Matthew Norman 

Bacchus, London N1

Matthew Norman: The suspicion that Bacchus is far more an existential experience than a culinary one was undermined.
  
  


At Bacchus in Hoxton, my friend and I quickly metamorphosed into the twin gods of whine. He kicked it off with a moan about the degree in access technology required to open the front door, and I hit back with a middle-aged complaint about the funky young waitress greeting us with a cheery, "Hello, my friends." He then mentioned the pretension that was a table laid with spoon and side plate but no knife or fork. In a tough, no-nonsense counterstrike, I cited the music - indie rock alternating with blues and ballads, as if some mischievous spirit was operating an invisible jukebox.

Then the menus arrived, and all previous irritants melted into irrelevance as we noted among the starters "baby squid, potatoes, garlic, chervil, black paella paint" and, littered throughout the mains, such area-of-urban-deprivation classics as "sesame crusted squab, cured foie gras, berries, milk skin".

Before we proceed, let me state that I wish Bacchus and its chef, Nuno Mendes, only well. The idea of transforming a nice old Victorian pub in a resolutely poor part of Hackney into a temple of molecular gastronomy is so eccentric, it warms the heart.
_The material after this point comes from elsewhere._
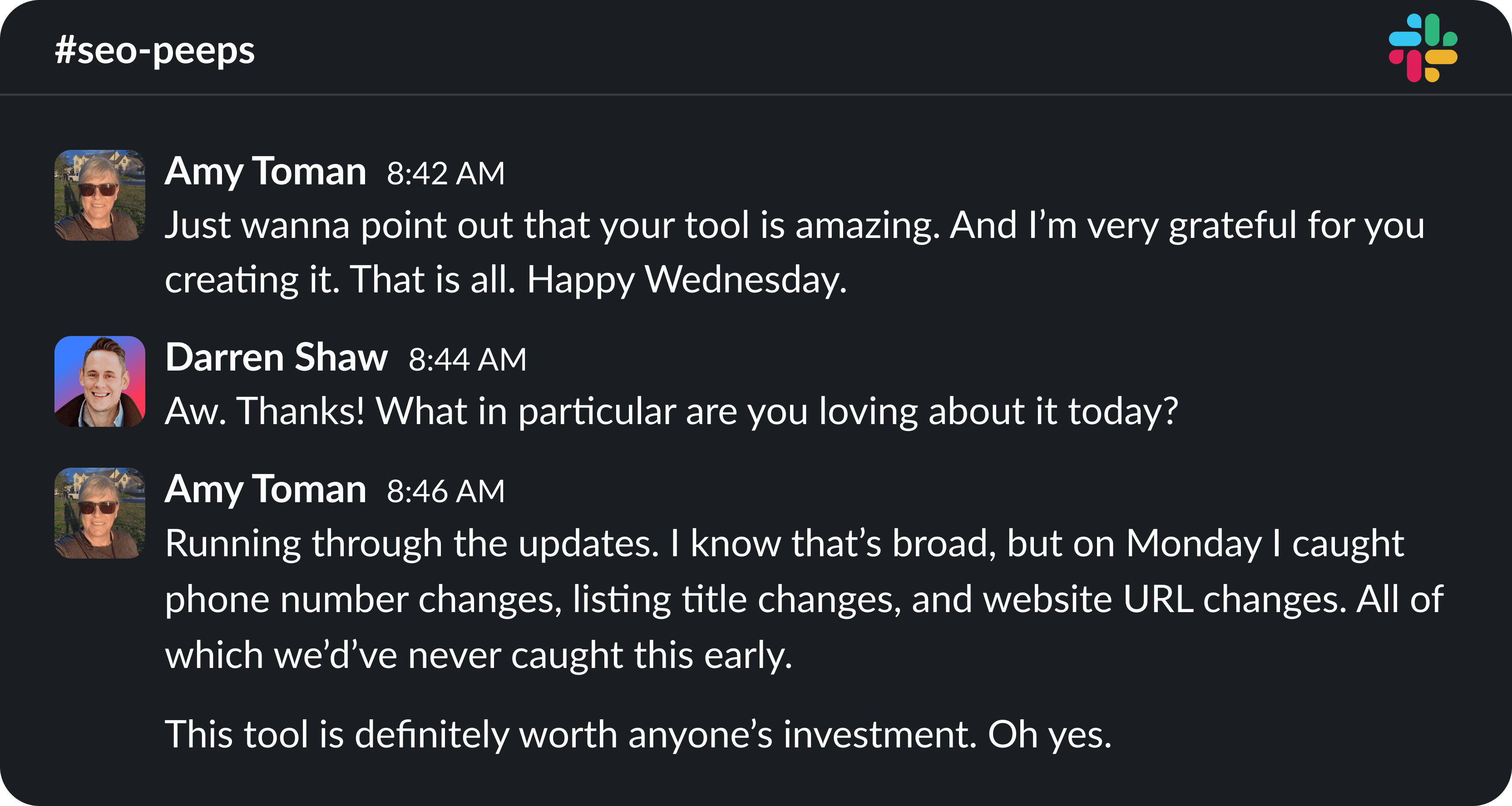 From the moment you import your location to the Local Platform, we'll keep track of all the changes made to your Google Business Profiles — whether they're made by you, Google, or that lemon head, Toby from HR.

But then so does the story of the Charge of the Light Brigade.

Mendes worked at El Bulli in Spain, where Ferran Adrià is Heston Blumenthal's great rival to be regarded as the world's leading chef of the kind, and what drew him from the Catalan coast to Hackney is one of many mysteries. Another is what a place offering "artichoke and honey-wine soup, pine nut ravioli, eringe, yogurt", and at a tenner a pop, imagines it's doing in a street market that could be used as an Only Fools And Horses location.

By the time an amuse-bouche of Greek yogurt foam with various bits and bobs had been announced with, "Guys, a present from Nuno, if you will", we'd both plumped for the six-course tasting menu that began with "sardine, rhubarb puree, citrus, rosemary-sake spray", the latter released from an atomiser. Three mouthfuls later, we were considering what possible point to all the effort there can have been.
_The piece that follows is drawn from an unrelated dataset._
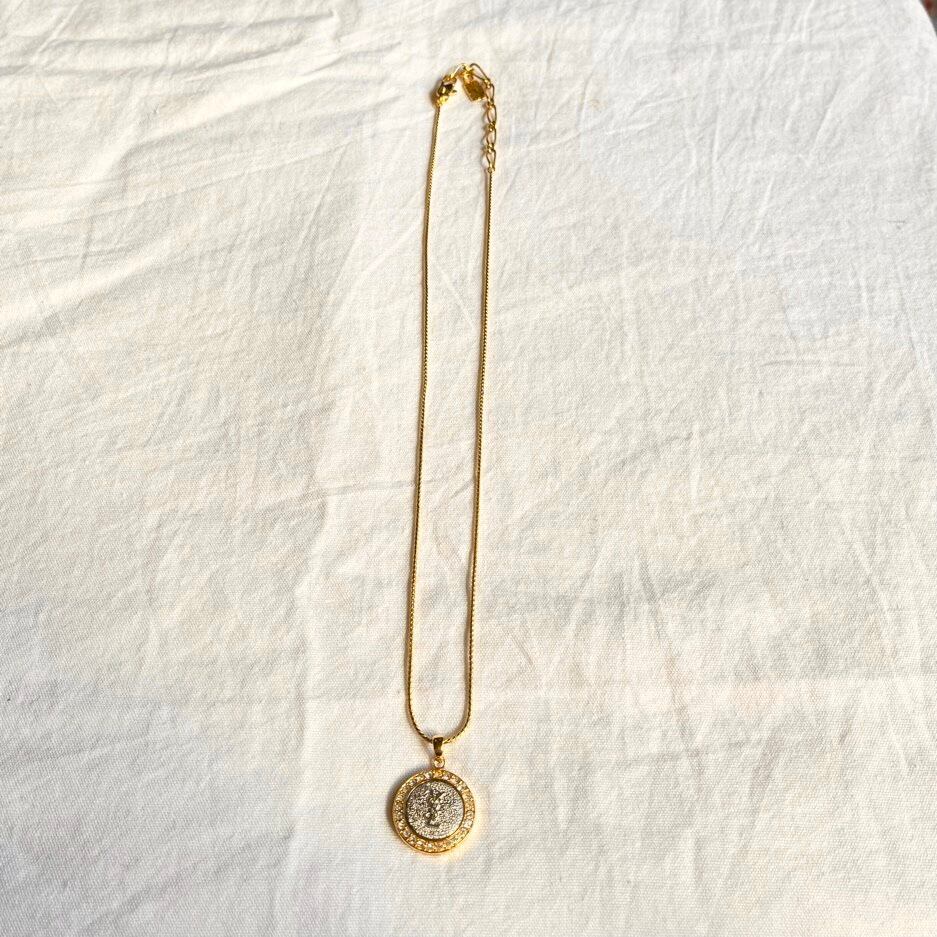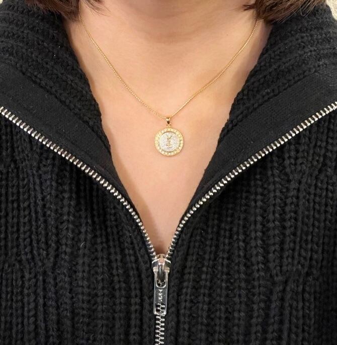 YSL "Silver Round Motif × Rhinestone" Necklace

The suspicion that Bacchus is far more an existential experience than a culinary one was undermined by the next two dishes. Sumptuously fatty pork jowl with a juicy, sweet langoustine and leek purée (everything here comes with offputting sludge) was good. Then came the triumph that suggested Mendes has real talent: "free-range egg, cooked at sixty-five degrees, dashi, chicken skin". I doubt you'd expect a battery egg at these prices, and the waitress wasn't helpful when, citing a fatal allergy to 65-degree-cooked eggs, I asked to go off menu with one done at 67.4. Even so, the medley was spectacular, the egg resting on shreds of chicken delicately flavoured with soy.

However, salmon belly with a date and hazelnut purée and much else was boring and uninspired. And as for "lamb shoulder, figs brulee, hijki paste, hot coffee", here we found the flavour-maximising, sous-vide method - whereby food is vacuum-packed and cooked incredibly slowly (in this case for 36 hours) - sadly exposed. The lukewarm lamb had such a bitter twang (you'd have thought hard about sending it back in a service station) that even the accompaniment of finely ground coffee beans couldn't rescue it. And how often do you find yourself compelled to say that?

Not for 30 years have I heard anyone say, "Oh my giddy aunt" without ironic intent. This was how my friend greeted a horrible pudding, "black olive financier, roasted pear ice cream, pine nuts", his first mouthful of ice cream revealing that, while it offered no hint of pear, it had been sprinkled with rock salt and drizzled with olive oil. For pity's sake.

We sat back over coffee, more disquieted than ever by the "fine dining in trainers" concept of making such labour-intense cooking "affordable" in an area so stubbornly resistant to gentrification. Never had the alternative concept of the all-day English breakfast - available in the greasy spoon opposite where the temperature at which the eggs are fried may not be a central issue - seemed half so alluring.

Rating: 5/10

Telephone 020-7613 0477
Address 177 Hoxton Street, London N1
Open Lunch Tue-Fri, noon-3pm, dinner Tue-Sat, 6pm-11pm
Price A la carte with wine, £50-£60 a head; six-course tasting menu, £40; nine-course Aventura menu, £55.